EKS clusters run on AWS infrastructure, and most AWS services will generate CloudTrail log event output. CloudTrail provides
insight into API calls made to AWS services (e.g., EC2:RunInstance) and is a valuable tool for
troubleshooting problems, auditing AWS resource access, and verifying the operational stability of AWS
resources. A production EKS setup should include enabling CloudTrail logging to ensure that all AWS
resources implemented for the cluster are logged. The log data is helpful for administrators managing
EKS clusters.

Maintaining an effective logging setup for every aspect of an EKS cluster may appear daunting and complex
to many users due to the number of components involved. However, implementing an appropriate logging
setup will help improve the operational readiness of an EKS cluster, enable easier troubleshooting for
future issues, allow more straightforward forensic analysis, and provide greater insight into
performance bottlenecks.

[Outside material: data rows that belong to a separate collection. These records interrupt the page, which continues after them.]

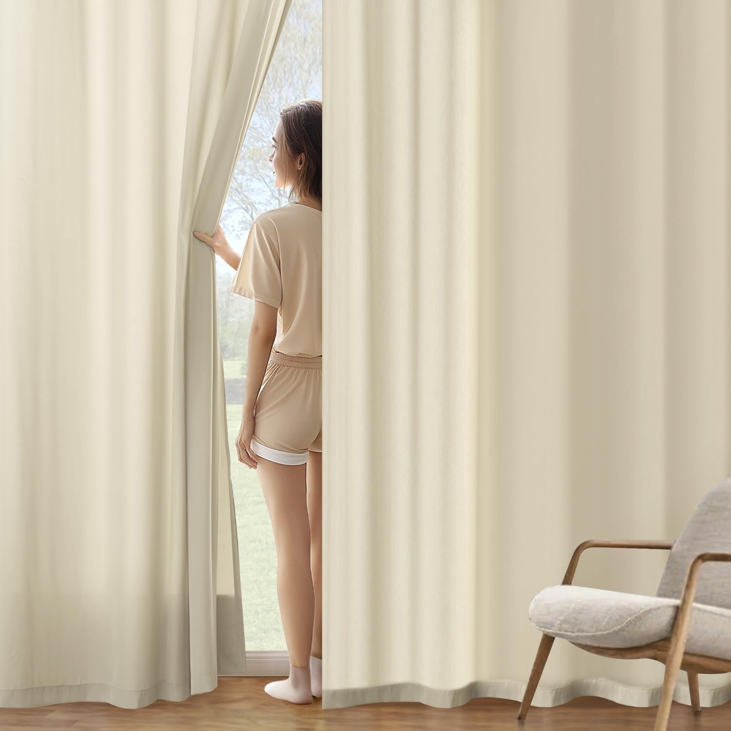• Privacy Protection: Non see through and so light and airy. Not tulle and just a bit thicker. These curtains let some diffused light in but are not see through, which provides a safe and comfortable space.If you really like natural light but want privacy, this is a great choice.
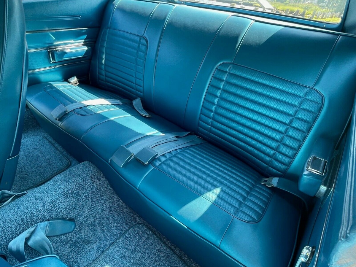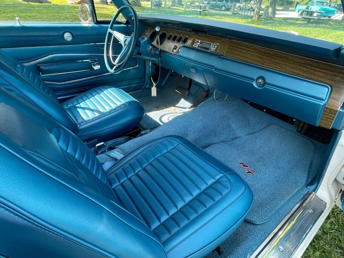 White paint with a black vinyl top and blue stripes and interior is thought to be a rare combination, according to the seller. No rust or bubbles is showing in the paint and the upholstery has no tears or rips anywhere. Just normal wear and tear. Nothing on the car appears to be wanting for anything, so this is a turnkey auto you could enjoy from the moment you took possession.
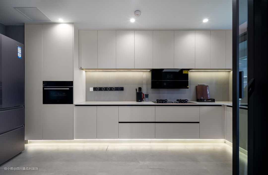 厨房以一组联动门,就能轻松切换厨房形态,兼顾互动性与独立性。奶白色的橱柜与客厅呼应,空间中的颜色不超过三种,打造一种清澈的干净感,即便是厨房这样充满烟火气的地方,给人的感觉照样高级。
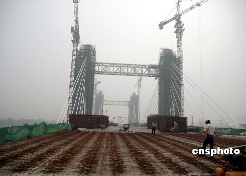 受石家莊市市民關(guān)注的槐安路大橋近日將實現(xiàn)東西兩側(cè)的邊跨合龍,8月11日,正在按計劃推進“大合龍”的前期準備。石家莊市槐安路大橋是該市道路交通設(shè)施改造的重點工程,是該市第一座高架斜拉橋。作者:林風風
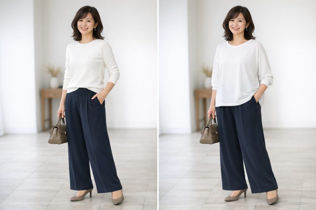 まず意識したいのは、パンツそのものの形です。ワイドパンツは幅が広すぎると迫力が出やすく、腰まわりまで大きく見えることがあります。40代がきれいめに履きやすいのは、腰まわりはすっきりしていて、ひざ下から自然に落ちるワイドシルエットです。
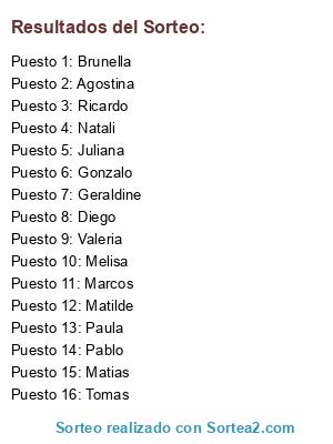 Resultados del sorteo:

The payoff for proper logging is significant and will benefit many users.

How can I enable EKS control plane logs?

EKS provides the ability to forward control plane
logs automatically to the CloudWatch Logs service. Logs from the control plane are disabled by
default to mitigate unnecessary costs, but it is highly recommended that users enable the logs for
production clusters where analyzing cluster operations is vital for administrators.

Control plane logs are enabled via the AWS web console or the AWS CLI tool.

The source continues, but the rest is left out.